What the task requires:
What are the lines from the top of the entries through the one with "Lothlorien androgynous elves"? Write them out exactly, with no pictures.

[Data excerpts]
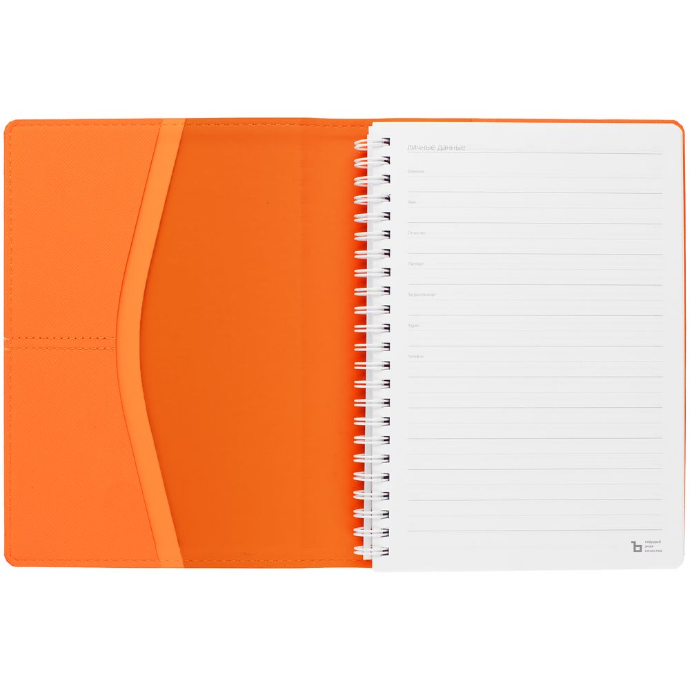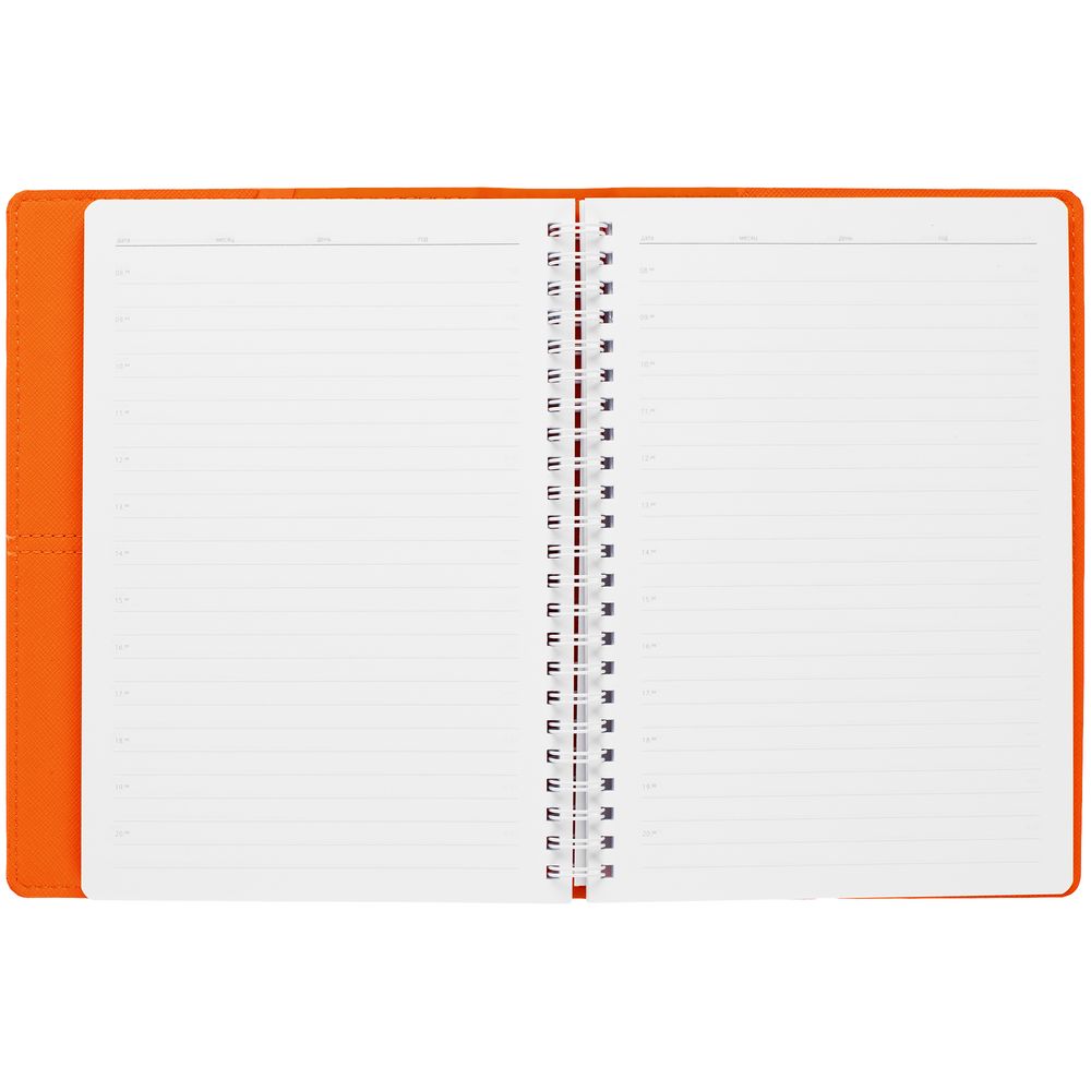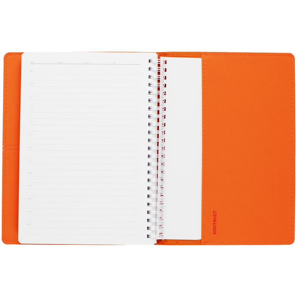 Ежедневник с блоком на пружине в твердой обложке, выполнен из материалов Nice Touch, оранжевый ОО, Soft Touch Pearl и Soft Touch оранжевый.
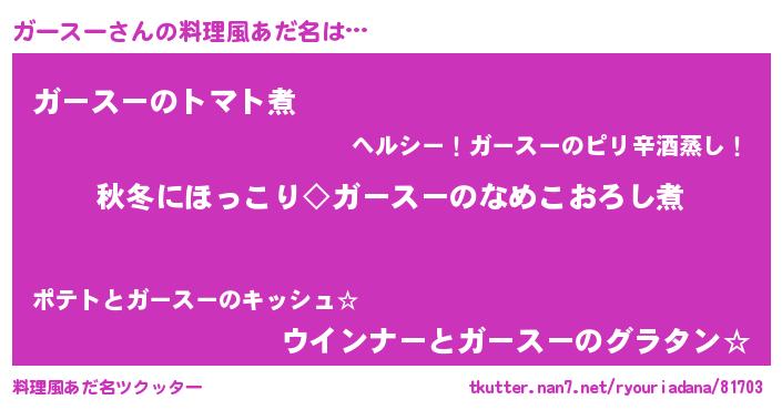 | ヘコむあだ名 | 『酢こんぶ』『ガーを』『ガーにゅー』 |
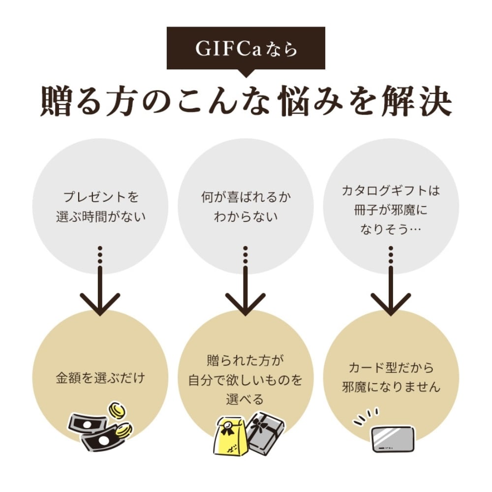 ギフカはギフトカードを受け取られた方が、ネット上の「GIFCa商品交換サイト」を利用して贈られたポイントを使って、自由に商品交換ができる新しいコンセプトの贈り物です。
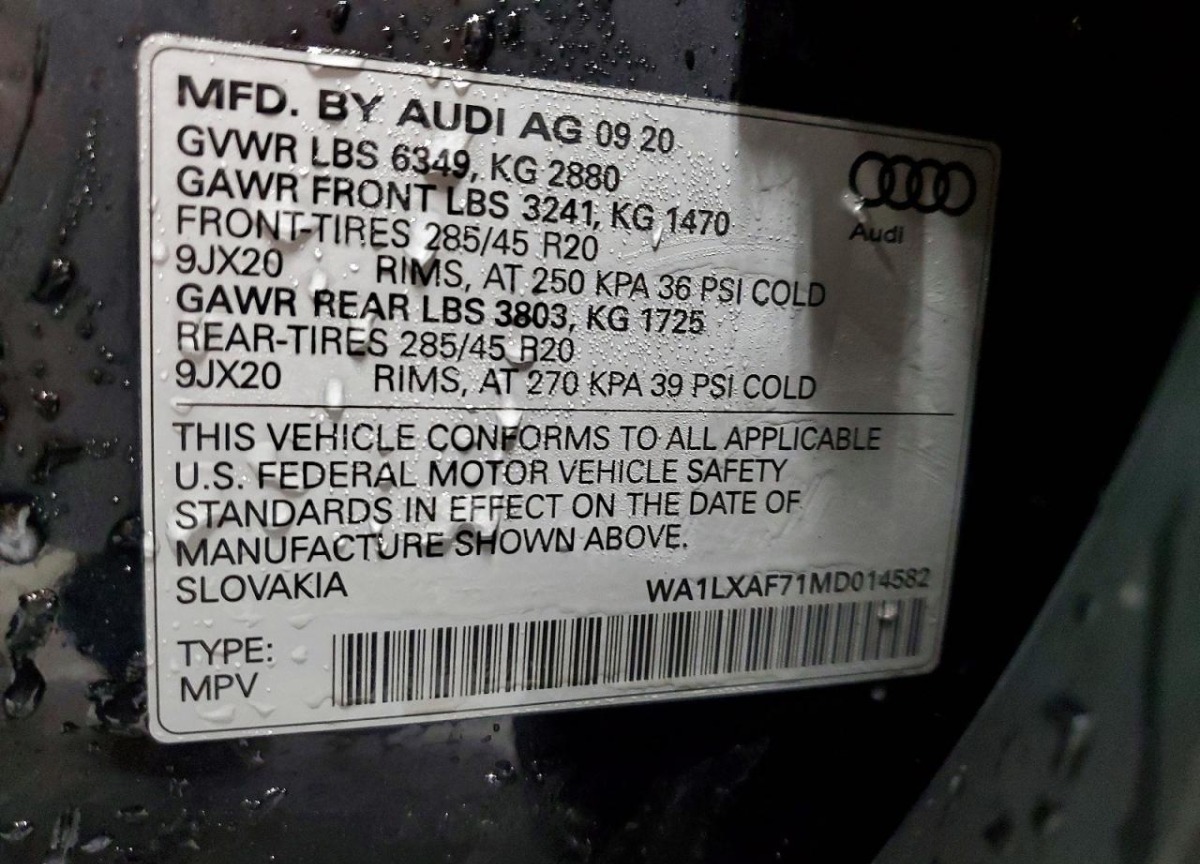 Audi Q7 2021 Black 2021 (VIN: WA1LXAF71MD014582) was sold at an insurance auction on 2026-02-16 as lot 73417535. The vehicle is registered as an automobile by both body type and overall vehicle type and features a Black exterior, automatic transmission and a 3.0l 6 engine, which is a popular configuration for this model year. At the time of the auction, the odometer showed 85778 miles, giving a clear reference point for the documented mileage at the moment of sale. The listing also notes a Rental Vehicle Sale location in the USA, unknown drive wheel configuration, and the important detail that there were no keys provided with the car at the auction.
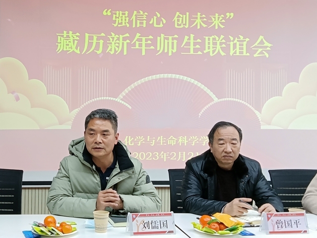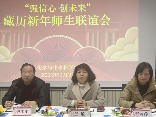本网讯(通讯员 刘诗雨 张灏)2月21日,化学与生命科学学院在多功能会议室举办“强信心 创未来”2023年藏历新年师生联谊会,活动由学院分党委书记严莉萍主持。学院“师友·学友行动”联系单位招生就业处处长刘儒国、图书馆馆长彭敏及学院领导班子、辅导员与全院10名藏族同学欢聚一堂,共话藏历新年,共叙师生情谊,展望新学期学习生活。
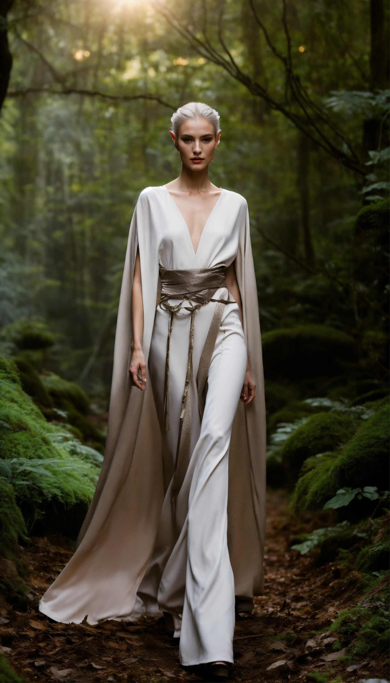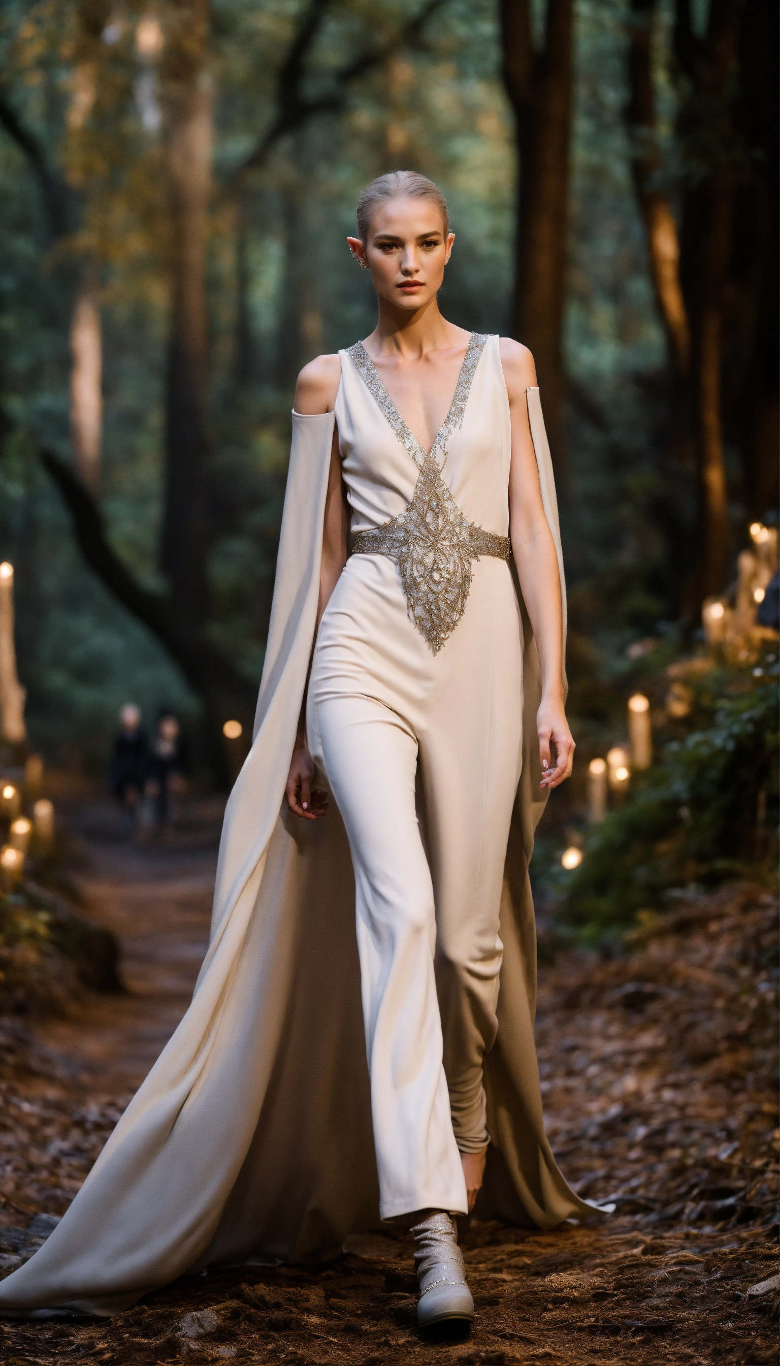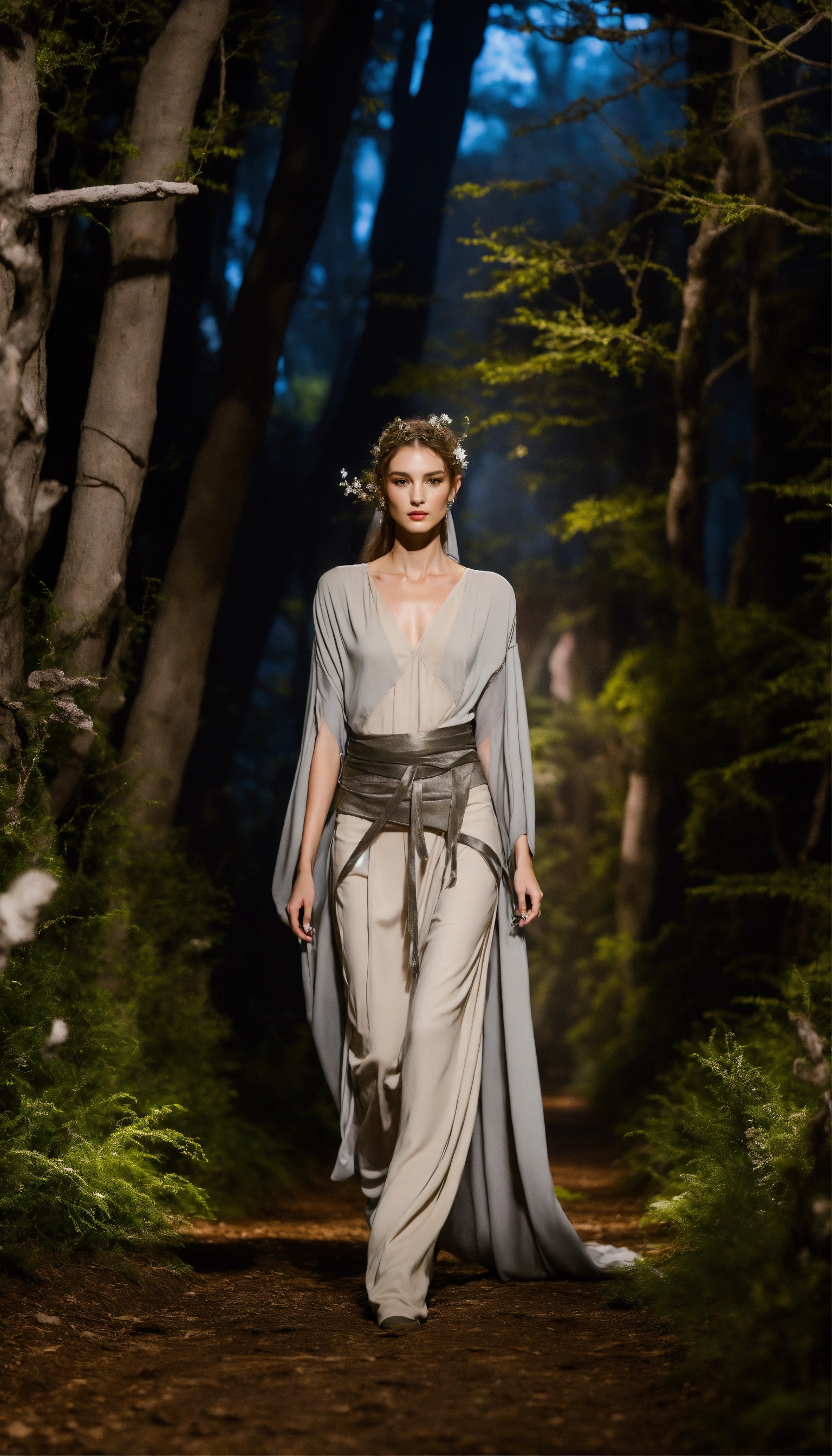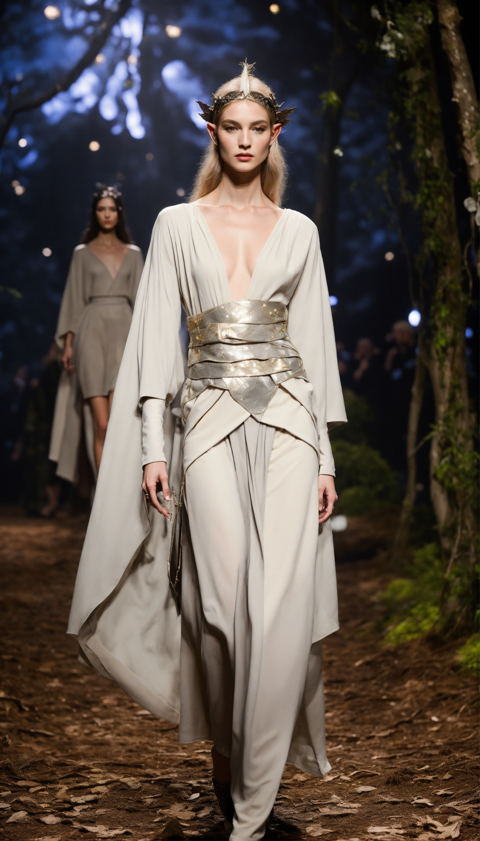 Lothlorien androgynous elves walking runway during elvin fashion week wearing dolman sleeve elvish donna karan fashion in black, white, grey, beige, stone, metallics at an enchanted forest runway under the starry sky
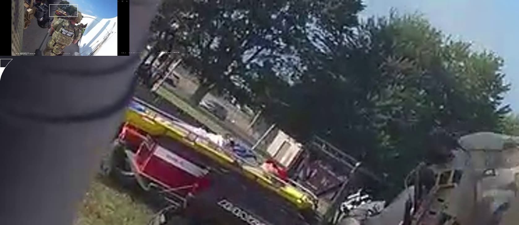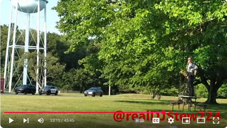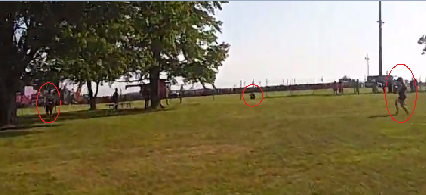 Mmm, we see Collins retrieving his rifle from the backseat of his cruiser but that’s directly at the end of the shots fired. Perhaps this is an overlap of multiple shadows or like a shadow puppet, where a shadow can be made to look like something else. Hmm… Did the trooper on the picnic table have a pistol or a rifle?
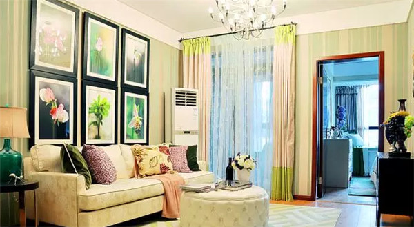 把自己的攝影作品加入自家的墻面裝飾,以花為主題,貫穿家的整體搭配,經濟又獨特.墻紙的顏色跟窗簾地毯進行呼應,一個綠意濃濃的客廳溫馨又舒適。
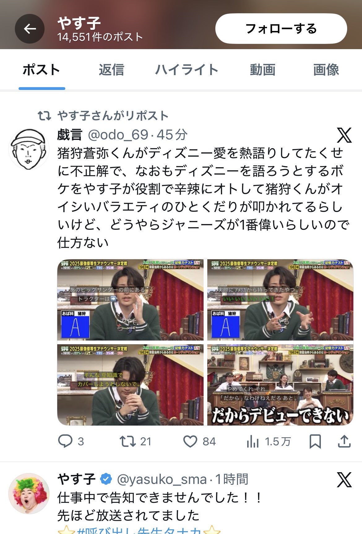 番組でいじるのはいいけどXの擁護をやす子本人がリポストするのはダサいわ
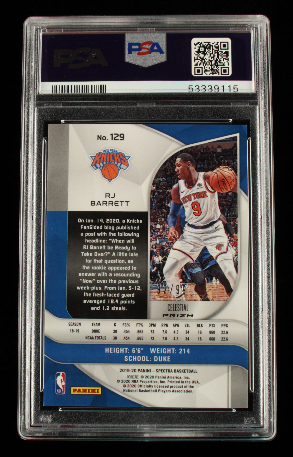 RJ Barrett 2019-20 Panini Spectra Celestial #129 #92/99 (PSA 9)
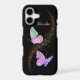 Pretty pink, purple, and green pattern silhouette butterflies are the feature on this unique phone case. Between the two butterfly images is a bright gold star cloud swirl. Your name is in matching light pink at the top right. Everything is placed on a dramatic black background.
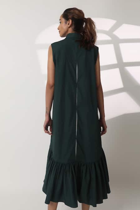 Bottle green woven cotton shirt dress featuring an asymmetric tiered hem and shirt collar
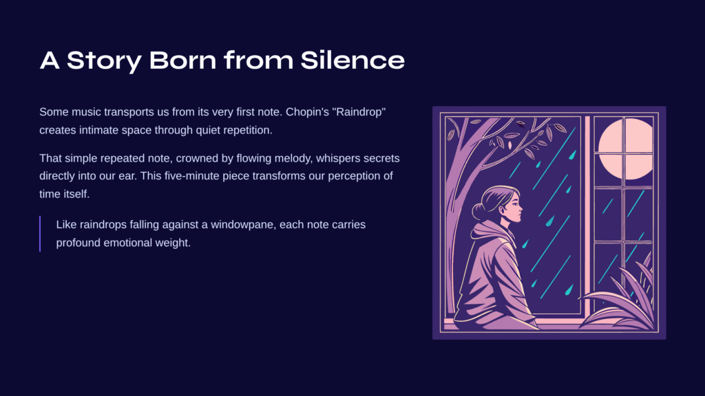 Some music transports us to another dimension from its very first note. Chopin’s Prelude Op. 28 No. 15, known as the “Raindrop,” is precisely such a piece. The moment we hear the left hand’s quiet repetition of a single note—like raindrops falling against a windowpane—we find ourselves already dwelling within the intimate space Chopin has created.
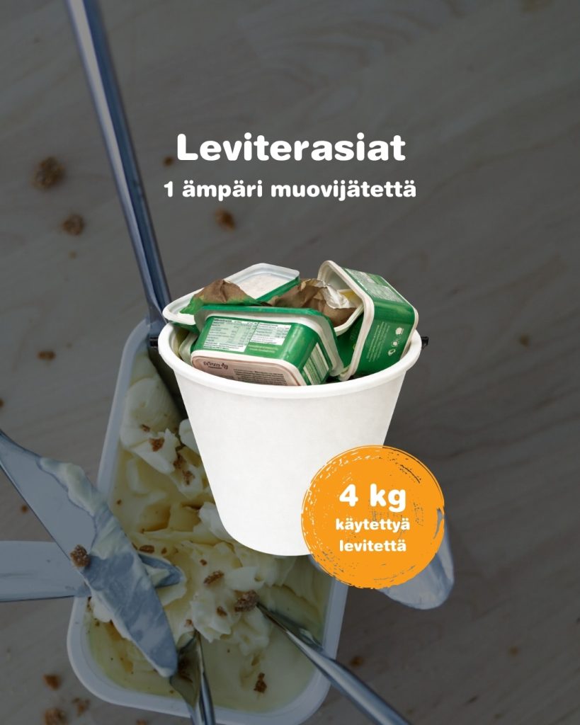 Tulos on silmiinpistävä: yksi jäteämpärillinen täyttyy muovijätteestä, kun levitettä on käytetään:

Written response:
 Ежедневник с блоком на пружине в твердой обложке, выполнен из материалов Nice Touch, оранжевый ОО, Soft Touch Pearl и Soft Touch оранжевый.
 | ヘコむあだ名 | 『酢こんぶ』『ガーを』『ガーにゅー』 |
 ギフカはギフトカードを受け取られた方が、ネット上の「GIFCa商品交換サイト」を利用して贈られたポイントを使って、自由に商品交換ができる新しいコンセプトの贈り物です。
 Audi Q7 2021 Black 2021 (VIN: WA1LXAF71MD014582) was sold at an insurance auction on 2026-02-16 as lot 73417535. The vehicle is registered as an automobile by both body type and overall vehicle type and features a Black exterior, automatic transmission and a 3.0l 6 engine, which is a popular configuration for this model year. At the time of the auction, the odometer showed 85778 miles, giving a clear reference point for the documented mileage at the moment of sale. The listing also notes a Rental Vehicle Sale location in the USA, unknown drive wheel configuration, and the important detail that there were no keys provided with the car at the auction.
本网讯(通讯员 刘诗雨 张灏)2月21日,化学与生命科学学院在多功能会议室举办“强信心 创未来”2023年藏历新年师生联谊会,活动由学院分党委书记严莉萍主持。学院“师友·学友行动”联系单位招生就业处处长刘儒国、图书馆馆长彭敏及学院领导班子、辅导员与全院10名藏族同学欢聚一堂,共话藏历新年,共叙师生情谊,展望新学期学习生活。
 Lothlorien androgynous elves walking runway during elvin fashion week wearing dolman sleeve elvish donna karan fashion in black, white, grey, beige, stone, metallics at an enchanted forest runway under the starry sky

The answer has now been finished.